In most conventional data processing systems, communication between a central, or host, processing unit and one or more peripheral I/O devices, such as large capacity storage devices of the tape or disc type, display devices, card readers, and the like, is normally achieved by means of an I/O bus to which all of the I/O devices have access. Normally when access to the host processor or to the host main memory is required by an external I/O device, the latter device must generate an "interrupt" signal which must then be appropriately processed by the central processor unit to identify the I/O unit and to determine what operation the interrupting unit requires the host processor to perform. The host processor must stop its operation, i.e. interrupt its present machine state, in order to process the interrupt signal. That is, the host processor must identify the interrupting device, must perform whatever data handling is required, and must restore the host processor to its previous machine state so that it can resume the operation it was performing prior to interruption. The processing of such an interrupt signal normally requires a relatively long time period before the processor is ready to resume its previous operation.
In order to avoid the excessive time required for such interrupt processing, it has been suggested that a separate processor unit, commonly designated as an I/O processor, be utilized as an intermediary between external I/O devices and the main, or host, processor unit. Such I/O processor is normally provided access to the host I/O bus and, in turn, has its own I/O bus to which access can be obtained by one or more peripheral I/O devices. In such a way the I/O processor performs the processing which is required when an interrupt signal is transmitted from an I/O device so that the main or host processing unit is not required to stop its operation for such interrupt signal processing. The I/O processor thereupon takes care of the transfer of data to or from the I/O device and, thence, to or from the main processor unit or the main memory of the host machine. The host processor then merely handles the I/O data manipulations only, which manipulations can be achieved at the host processor high speed of operation, the data transfer to and from the I/O devices being handled by the separate I/O processor.
The I/O processor often has its own local memory, usually of relatively low storage capacity which provides for the storage of programs for processing interrupts and for the local storage of data before transfer either to or from the host processor or to or from the I/O device.

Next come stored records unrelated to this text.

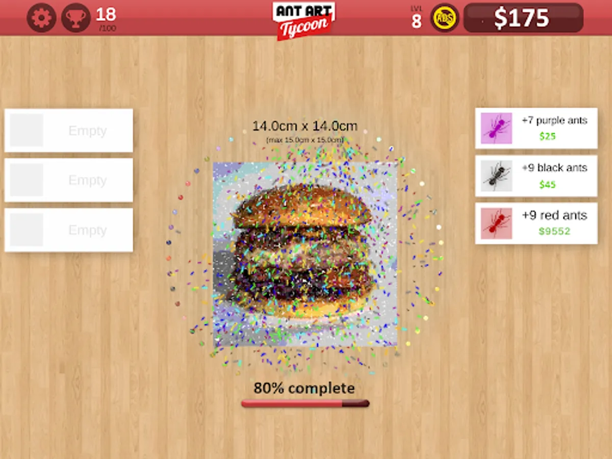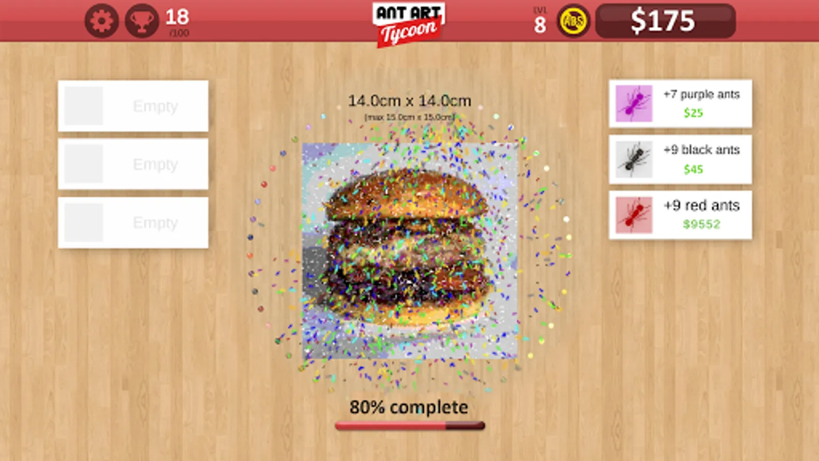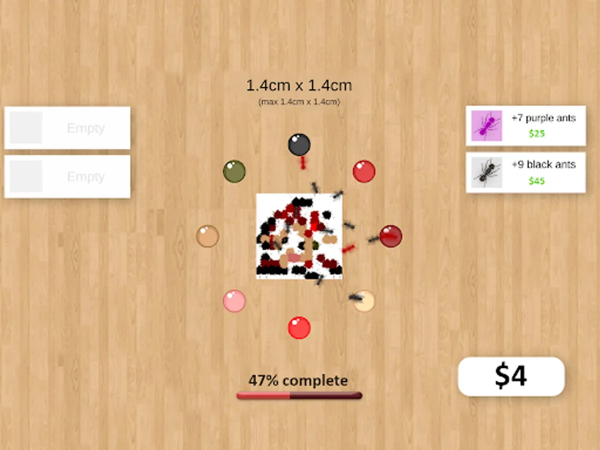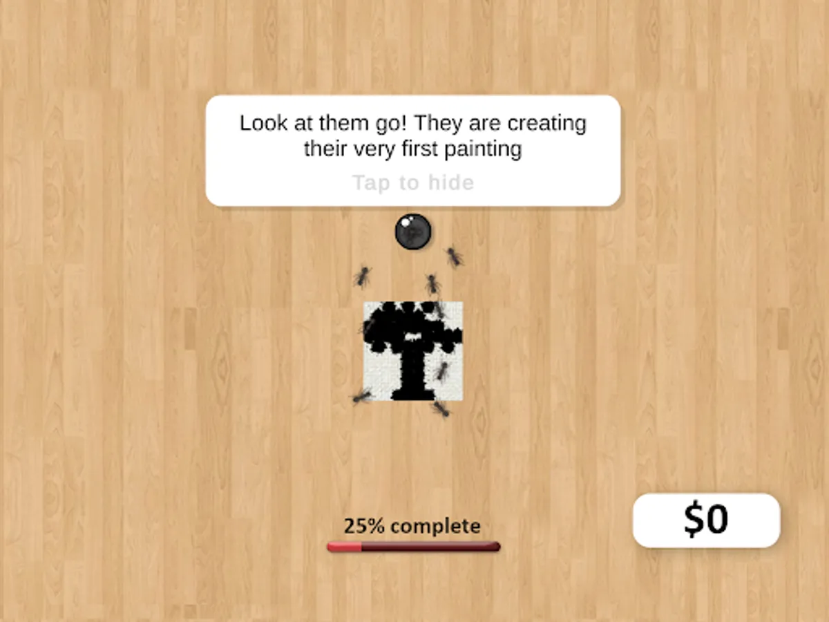 Tap to grow your ant colony by buying bigger and faster ants, and watch proudly as they create better and better artwork before your very eyes. Click and tap to build an army of ants making beautiful art work. Before you know it you'll have hundreds of ants creating new art in seconds.
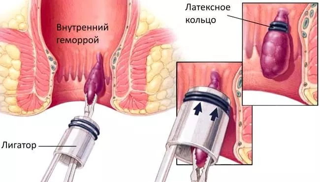 - Лигиране. В основата на хемороида се поставя еластичен пръстен, който прекъсва кръвоснабдяването и след 5-10 дни възелът умира и излиза естествено.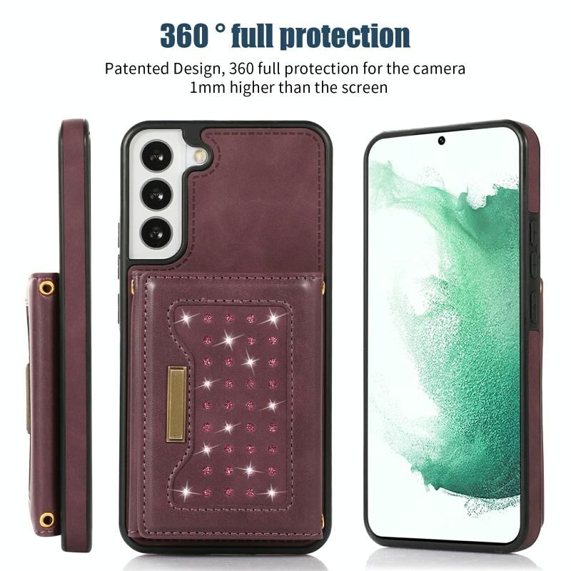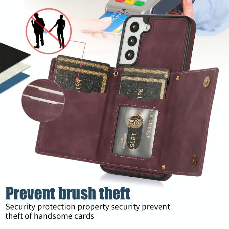 Για Samsung Galaxy S21+ Τρεις φορές RFID δερμάτινη θήκη τηλεφώνου με κορδόνι (κόκκινο)
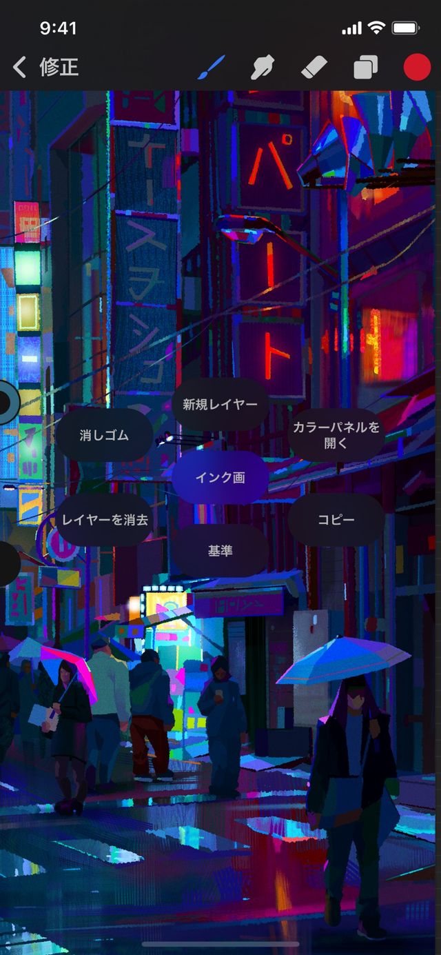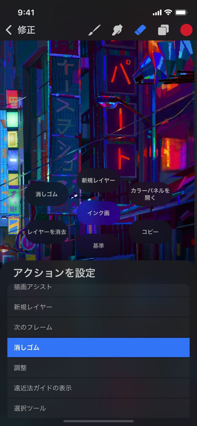これらのボタンの機能を、よく必要とする Procreate Pocket の機能に変更できます。それには、QuickMenu を呼び出してから、変更するボタンを押さえたままにします。しばらくすると、“アクションを設定” メニューが表示されます。オプションの一覧をスクロールして、目的のアクションをタップします。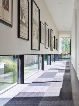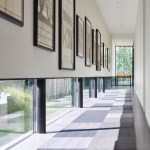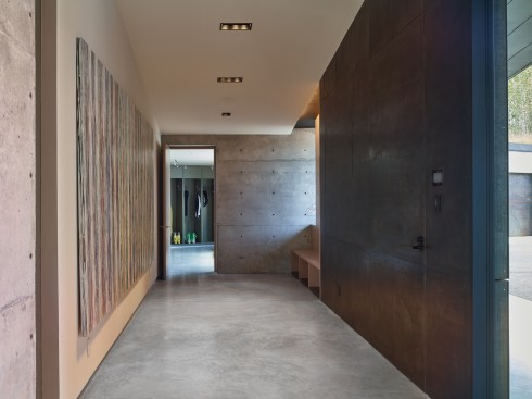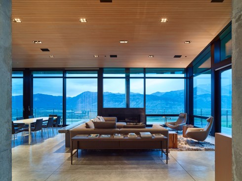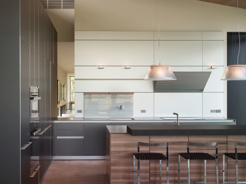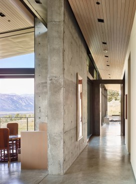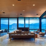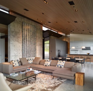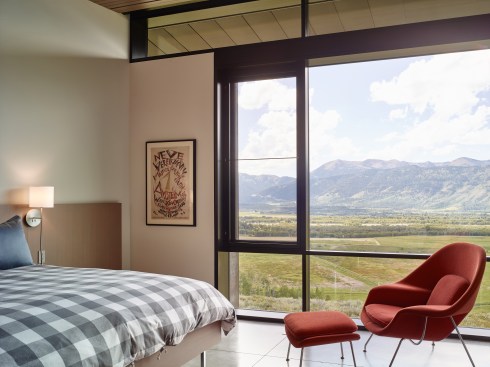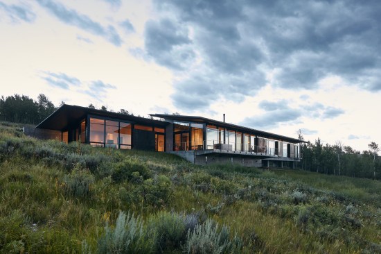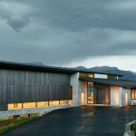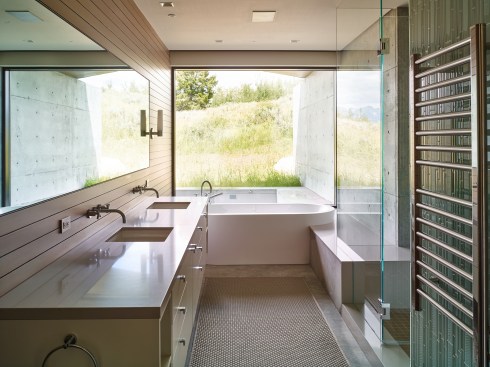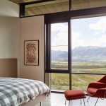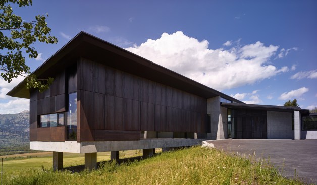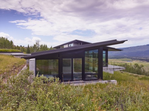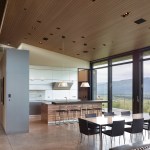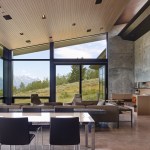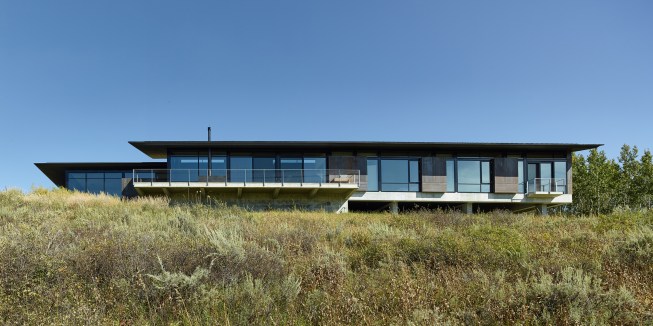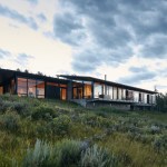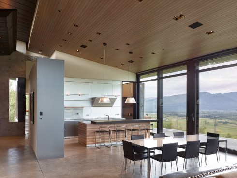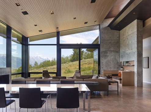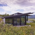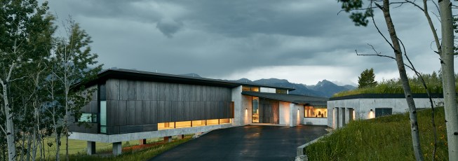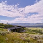 Echoing the grandeur of the Teton Mountain Range whilst seamlessly inhabiting the adjacent grassland, the Wyoming Residence exhibits a conscientious marriage of form and material. The primary ambition for this project was to craft a maintenance-free vacation home that respects the natural habitat. The property’s zoning restrictions were artfully managed with careful assimilation into the natural landscape. The result is an inspired expression of fluid yet layered space that collaborates with the surrounding beauty. With respect to the sloping meadow on which the structure sits, the home is designed to coexist and therefore never breaks the ridge line. The structure manages to feel stately and striking at the entrance, but is hidden from view looking down the meadow and up from the valley floor. To maintain the natural grade, the structure is elevated and cantilevered at the slope and is held up by columns which require minimal site alteration. The only major land disturbance occurs in the recessed garage, which has been supplemented with a green roof on top to preserve the meadow. Once inside, natural light serves as an important material layered amongst its solid counterparts. Floor-to-ceiling windows unveil a view of the stunning exterior scenery. Wood ceilings add warmth and dimension, creating expansiveness by sitting slightly detached from the adjoining walls. The living area is voluminous yet intimate. A built-in seating nook maintains a direct view of the mountains, unobstructed by a low profile fireplace. The minimal kitchen design is apportioned with tri-colored cabinets and a clever opening through that overlooks the gallery. The master bedroom shares in the floor-to-ceiling views, allowing symbiosis with the meadow outside. An indoor-outdoor bathroom further incorporates the exterior habitat. The home features four bedrooms, four and one half bathrooms, a living room, kitchen, home office and studio, den, mudroom and a three-car garage.

In such presently used systems, the I/O processor must interrupt the host processor (in effect, on behalf of the I/O devices), to provide a particular memory allocation which is required by the I/O processor or by the IOP I/O devices utilizing host memory. While the interrupt processing which must occur in the host processor is not nearly as extensive as it would be if the host processor were dealing with the I/O devices directly, there is still a certain amount of interrupt processing time that must be used by the host processor in order to define the extent of the interrupt service which has to be performed. It is desirable to minimize the processing time that the host processor must use for such purpose so that it can return to its normal operations as quickly as possible, even when using a separate I/O processor.
Further, if more than one I/O processor is used on the host I/O bus, a priority among them must be established with respect to use of the host I/O bus. For example, if an I/O Processor is performing a Read-Modify-Write operation such processor must inform all other processors that such operation is occurring so that the I/O processor performing such operation can complete the operation before the host I/O bus becomes available to all other I/O processors.